(Records to process begins)
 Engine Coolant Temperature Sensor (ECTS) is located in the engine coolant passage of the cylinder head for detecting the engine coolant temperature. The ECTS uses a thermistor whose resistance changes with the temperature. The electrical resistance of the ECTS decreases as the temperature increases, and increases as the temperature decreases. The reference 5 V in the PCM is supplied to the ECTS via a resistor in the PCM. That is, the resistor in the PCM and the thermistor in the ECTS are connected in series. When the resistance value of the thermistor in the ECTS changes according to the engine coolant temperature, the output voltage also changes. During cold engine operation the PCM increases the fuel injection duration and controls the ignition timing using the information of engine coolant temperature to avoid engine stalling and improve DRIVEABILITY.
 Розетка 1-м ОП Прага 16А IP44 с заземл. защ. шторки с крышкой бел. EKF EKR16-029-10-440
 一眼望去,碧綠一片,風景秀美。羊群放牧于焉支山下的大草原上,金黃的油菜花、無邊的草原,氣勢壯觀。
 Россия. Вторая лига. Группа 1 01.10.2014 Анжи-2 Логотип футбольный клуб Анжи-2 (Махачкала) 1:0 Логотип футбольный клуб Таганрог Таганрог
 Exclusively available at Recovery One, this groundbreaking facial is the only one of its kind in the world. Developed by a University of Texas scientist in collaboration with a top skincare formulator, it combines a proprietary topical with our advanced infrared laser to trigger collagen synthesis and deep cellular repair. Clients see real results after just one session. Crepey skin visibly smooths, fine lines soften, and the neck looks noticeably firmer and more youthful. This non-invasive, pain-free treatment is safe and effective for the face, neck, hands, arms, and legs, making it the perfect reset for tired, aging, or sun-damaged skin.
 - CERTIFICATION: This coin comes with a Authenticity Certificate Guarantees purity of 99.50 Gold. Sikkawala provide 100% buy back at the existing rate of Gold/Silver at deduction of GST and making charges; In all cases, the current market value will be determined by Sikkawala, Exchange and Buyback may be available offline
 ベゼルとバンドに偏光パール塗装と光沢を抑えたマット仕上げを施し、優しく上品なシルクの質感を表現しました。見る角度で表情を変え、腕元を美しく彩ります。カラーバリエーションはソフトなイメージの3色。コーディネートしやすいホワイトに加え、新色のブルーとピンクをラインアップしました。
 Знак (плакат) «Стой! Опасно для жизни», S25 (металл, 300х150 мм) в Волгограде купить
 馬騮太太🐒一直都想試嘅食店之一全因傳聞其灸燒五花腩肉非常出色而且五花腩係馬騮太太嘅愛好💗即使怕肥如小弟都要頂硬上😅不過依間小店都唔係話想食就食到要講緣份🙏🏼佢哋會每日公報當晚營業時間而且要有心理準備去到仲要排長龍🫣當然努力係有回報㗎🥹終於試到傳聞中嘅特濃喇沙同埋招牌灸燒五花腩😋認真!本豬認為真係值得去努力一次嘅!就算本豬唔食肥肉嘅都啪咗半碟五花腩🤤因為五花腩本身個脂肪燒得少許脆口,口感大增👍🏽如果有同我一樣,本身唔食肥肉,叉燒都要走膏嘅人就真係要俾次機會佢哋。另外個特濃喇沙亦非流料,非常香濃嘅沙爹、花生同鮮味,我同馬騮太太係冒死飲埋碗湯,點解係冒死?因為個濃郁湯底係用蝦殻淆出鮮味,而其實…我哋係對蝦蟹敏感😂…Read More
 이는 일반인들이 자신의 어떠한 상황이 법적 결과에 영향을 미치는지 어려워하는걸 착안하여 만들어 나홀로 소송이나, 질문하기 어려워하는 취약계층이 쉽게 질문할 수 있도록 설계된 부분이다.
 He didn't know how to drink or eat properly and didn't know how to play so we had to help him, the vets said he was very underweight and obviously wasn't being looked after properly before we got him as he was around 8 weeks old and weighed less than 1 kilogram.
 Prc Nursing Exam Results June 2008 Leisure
(Records to process ends)
Task brief → Return the data from the top line through the bottom line exactly.

Solution to the problem →
 Engine Coolant Temperature Sensor (ECTS) is located in the engine coolant passage of the cylinder head for detecting the engine coolant temperature. The ECTS uses a thermistor whose resistance changes with the temperature. The electrical resistance of the ECTS decreases as the temperature increases, and increases as the temperature decreases. The reference 5 V in the PCM is supplied to the ECTS via a resistor in the PCM. That is, the resistor in the PCM and the thermistor in the ECTS are connected in series. When the resistance value of the thermistor in the ECTS changes according to the engine coolant temperature, the output voltage also changes. During cold engine operation the PCM increases the fuel injection duration and controls the ignition timing using the information of engine coolant temperature to avoid engine stalling and improve DRIVEABILITY.
 Розетка 1-м ОП Прага 16А IP44 с заземл. защ. шторки с крышкой бел. EKF EKR16-029-10-440
 一眼望去,碧綠一片,風景秀美。羊群放牧于焉支山下的大草原上,金黃的油菜花、無邊的草原,氣勢壯觀。
 Россия. Вторая лига. Группа 1 01.10.2014 Анжи-2 Логотип футбольный клуб Анжи-2 (Махачкала) 1:0 Логотип футбольный клуб Таганрог Таганрог
 Exclusively available at Recovery One, this groundbreaking facial is the only one of its kind in the world. Developed by a University of Texas scientist in collaboration with a top skincare formulator, it combines a proprietary topical with our advanced infrared laser to trigger collagen synthesis and deep cellular repair. Clients see real results after just one session. Crepey skin visibly smooths, fine lines soften, and the neck looks noticeably firmer and more youthful. This non-invasive, pain-free treatment is safe and effective for the face, neck, hands, arms, and legs, making it the perfect reset for tired, aging, or sun-damaged skin.
 - CERTIFICATION: This coin comes with a Authenticity Certificate Guarantees purity of 99.50 Gold. Sikkawala provide 100% buy back at the existing rate of Gold/Silver at deduction of GST and making charges; In all cases, the current market value will be determined by Sikkawala, Exchange and Buyback may be available offline
 ベゼルとバンドに偏光パール塗装と光沢を抑えたマット仕上げを施し、優しく上品なシルクの質感を表現しました。見る角度で表情を変え、腕元を美しく彩ります。カラーバリエーションはソフトなイメージの3色。コーディネートしやすいホワイトに加え、新色のブルーとピンクをラインアップしました。
 Знак (плакат) «Стой! Опасно для жизни», S25 (металл, 300х150 мм) в Волгограде купить
 馬騮太太🐒一直都想試嘅食店之一全因傳聞其灸燒五花腩肉非常出色而且五花腩係馬騮太太嘅愛好💗即使怕肥如小弟都要頂硬上😅不過依間小店都唔係話想食就食到要講緣份🙏🏼佢哋會每日公報當晚營業時間而且要有心理準備去到仲要排長龍🫣當然努力係有回報㗎🥹終於試到傳聞中嘅特濃喇沙同埋招牌灸燒五花腩😋認真!本豬認為真係值得去努力一次嘅!就算本豬唔食肥肉嘅都啪咗半碟五花腩🤤因為五花腩本身個脂肪燒得少許脆口,口感大增👍🏽如果有同我一樣,本身唔食肥肉,叉燒都要走膏嘅人就真係要俾次機會佢哋。另外個特濃喇沙亦非流料,非常香濃嘅沙爹、花生同鮮味,我同馬騮太太係冒死飲埋碗湯,點解係冒死?因為個濃郁湯底係用蝦殻淆出鮮味,而其實…我哋係對蝦蟹敏感😂…Read More
 이는 일반인들이 자신의 어떠한 상황이 법적 결과에 영향을 미치는지 어려워하는걸 착안하여 만들어 나홀로 소송이나, 질문하기 어려워하는 취약계층이 쉽게 질문할 수 있도록 설계된 부분이다.
 He didn't know how to drink or eat properly and didn't know how to play so we had to help him, the vets said he was very underweight and obviously wasn't being looked after properly before we got him as he was around 8 weeks old and weighed less than 1 kilogram.
 Prc Nursing Exam Results June 2008 Leisure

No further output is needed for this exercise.